---------- Records provided ----------

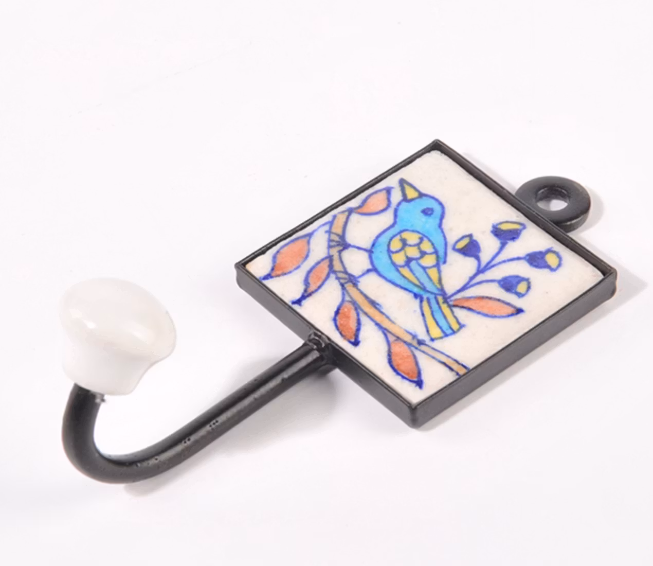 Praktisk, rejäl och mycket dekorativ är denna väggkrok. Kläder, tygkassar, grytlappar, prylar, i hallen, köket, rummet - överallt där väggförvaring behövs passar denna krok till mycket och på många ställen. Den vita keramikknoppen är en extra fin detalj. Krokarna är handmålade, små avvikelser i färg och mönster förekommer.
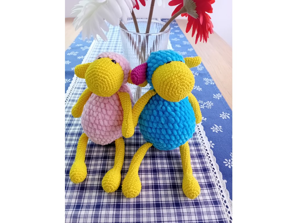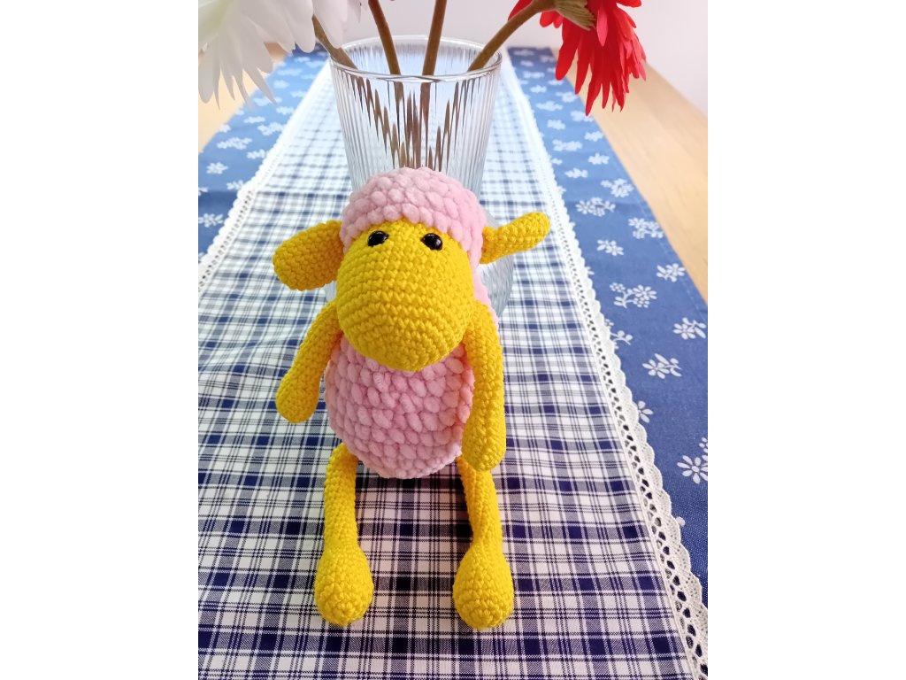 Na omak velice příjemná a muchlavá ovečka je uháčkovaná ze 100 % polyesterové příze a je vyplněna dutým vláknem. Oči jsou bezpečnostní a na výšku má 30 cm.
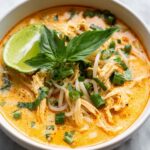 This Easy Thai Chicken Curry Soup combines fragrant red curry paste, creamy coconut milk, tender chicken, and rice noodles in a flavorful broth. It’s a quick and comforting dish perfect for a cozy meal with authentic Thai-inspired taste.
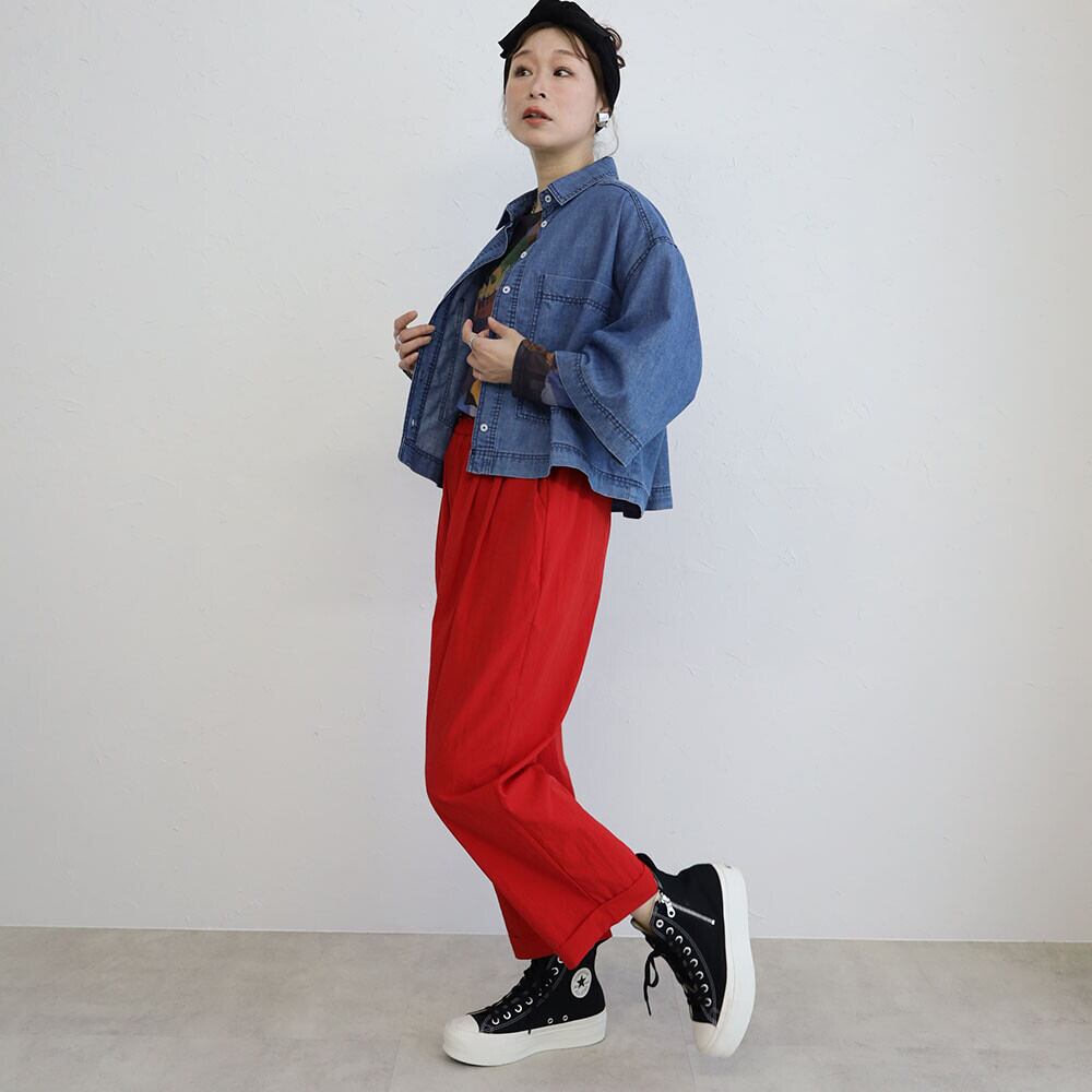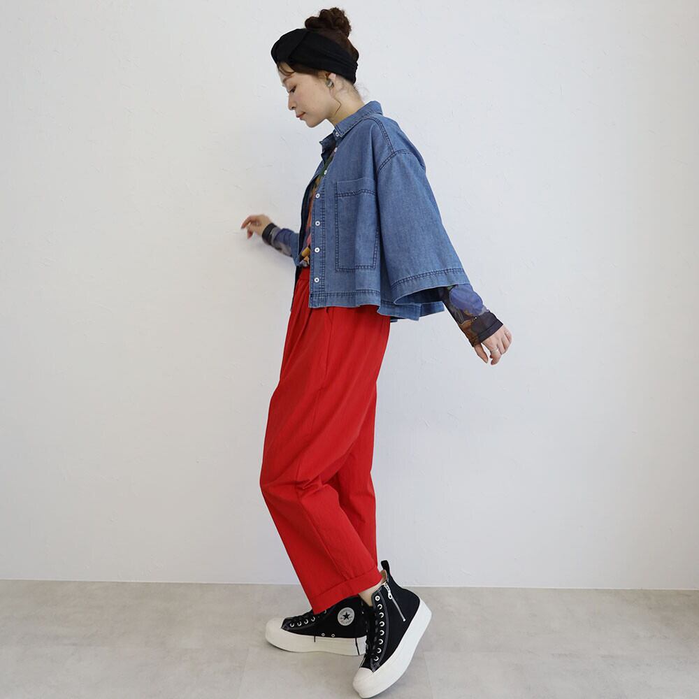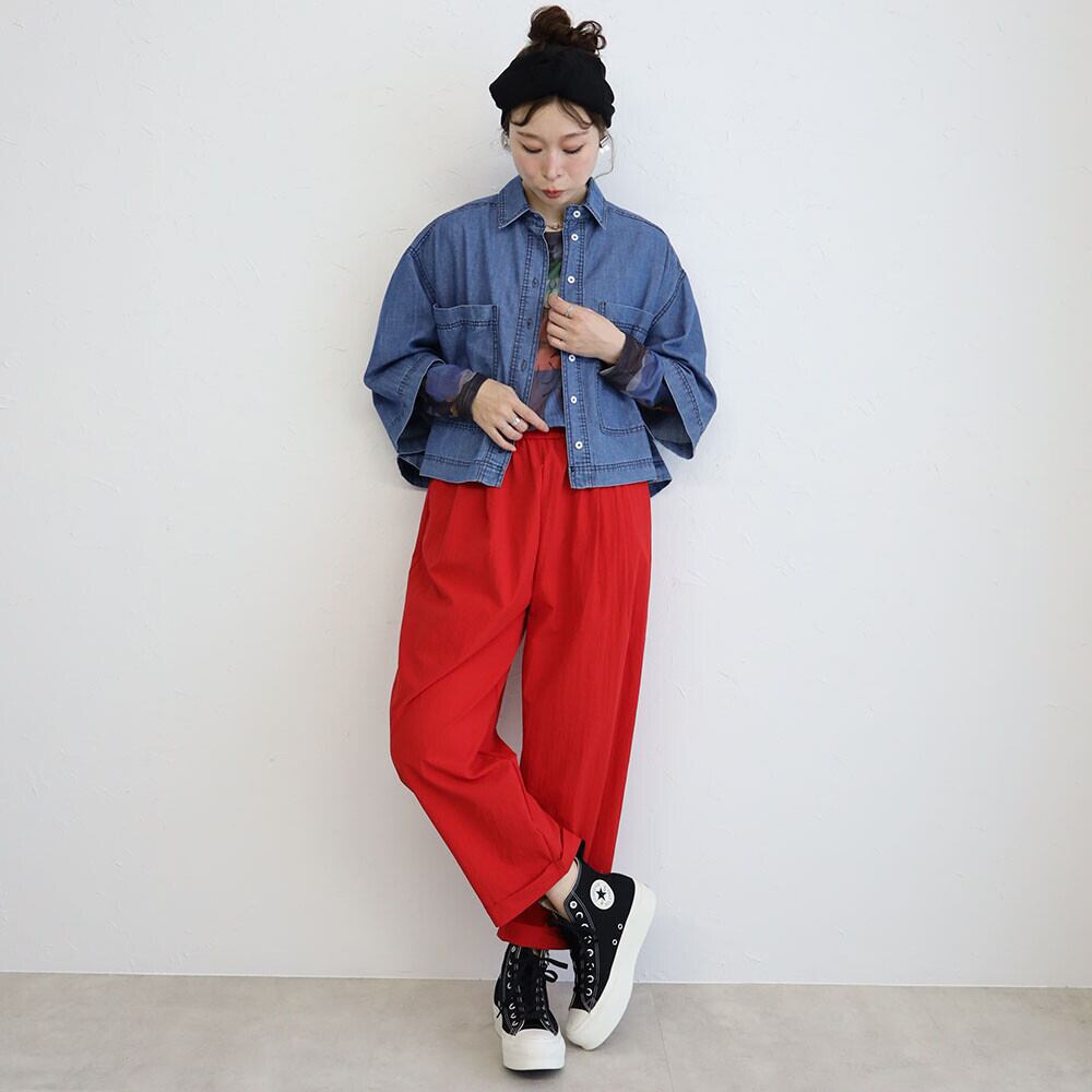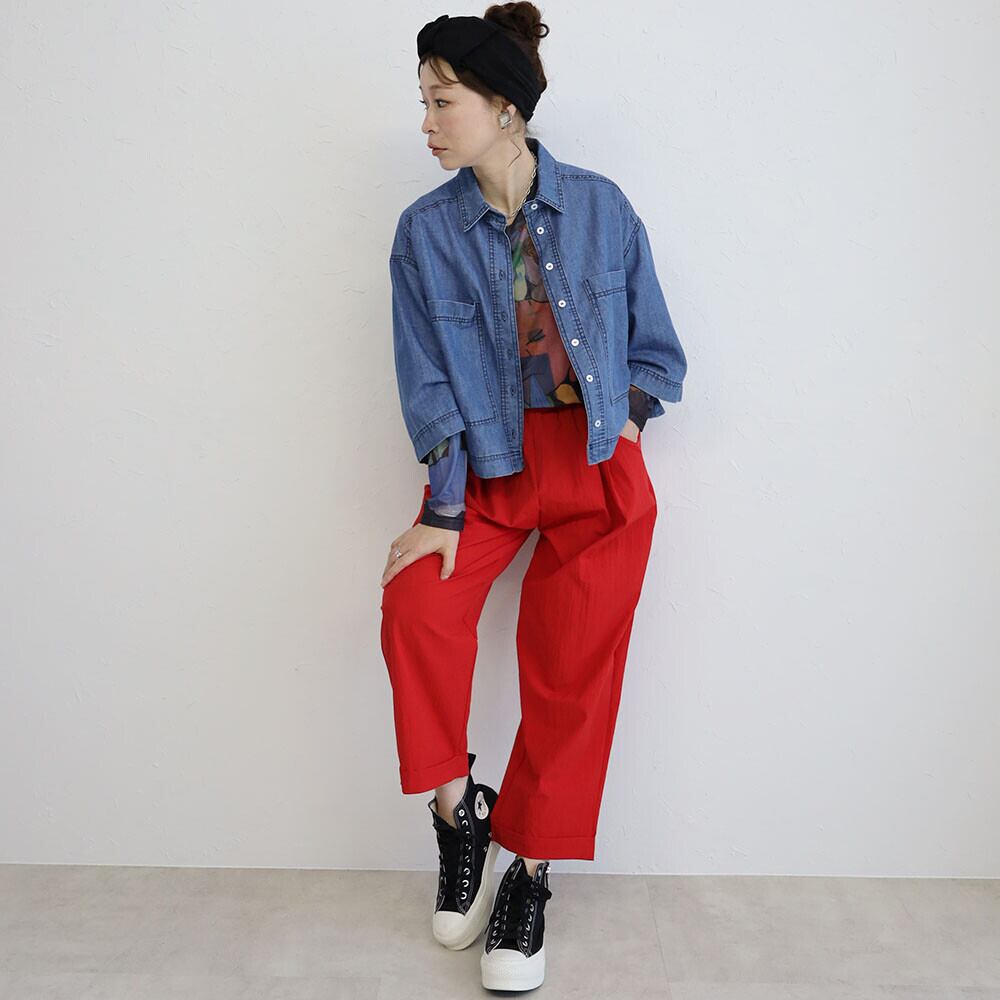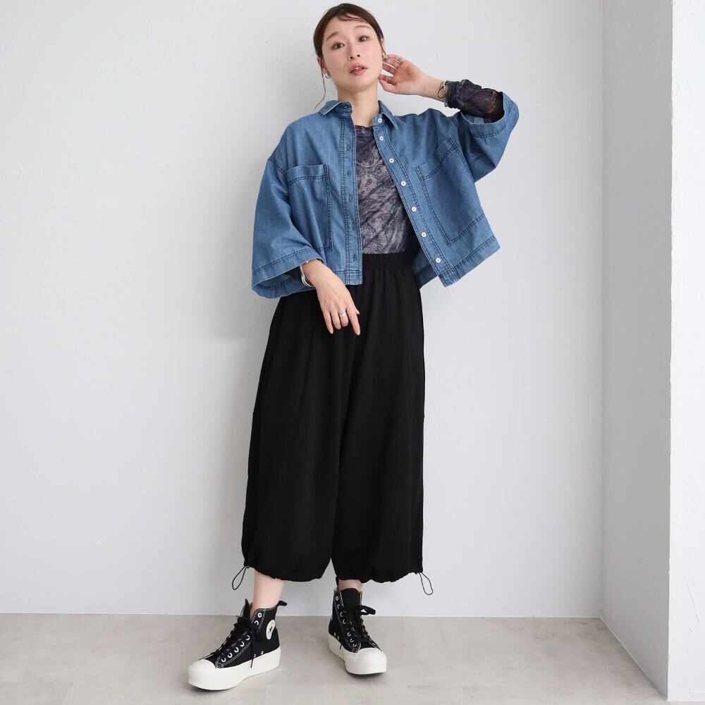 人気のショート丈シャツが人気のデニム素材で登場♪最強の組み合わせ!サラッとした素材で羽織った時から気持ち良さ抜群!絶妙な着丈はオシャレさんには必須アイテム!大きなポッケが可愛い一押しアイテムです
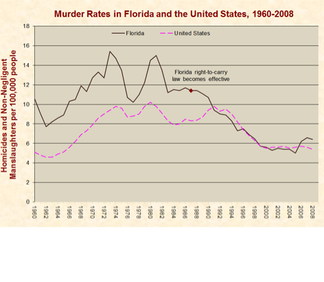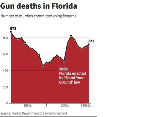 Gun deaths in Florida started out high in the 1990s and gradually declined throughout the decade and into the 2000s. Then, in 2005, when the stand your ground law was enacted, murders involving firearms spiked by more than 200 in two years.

----------

Starting at the line that contains "This Easy Thai", write out every line through the final line of the entries, word for word; skip any pictures.

**Written response**
 This Easy Thai Chicken Curry Soup combines fragrant red curry paste, creamy coconut milk, tender chicken, and rice noodles in a flavorful broth. It’s a quick and comforting dish perfect for a cozy meal with authentic Thai-inspired taste.
 人気のショート丈シャツが人気のデニム素材で登場♪最強の組み合わせ!サラッとした素材で羽織った時から気持ち良さ抜群!絶妙な着丈はオシャレさんには必須アイテム!大きなポッケが可愛い一押しアイテムです
 Gun deaths in Florida started out high in the 1990s and gradually declined throughout the decade and into the 2000s. Then, in 2005, when the stand your ground law was enacted, murders involving firearms spiked by more than 200 in two years.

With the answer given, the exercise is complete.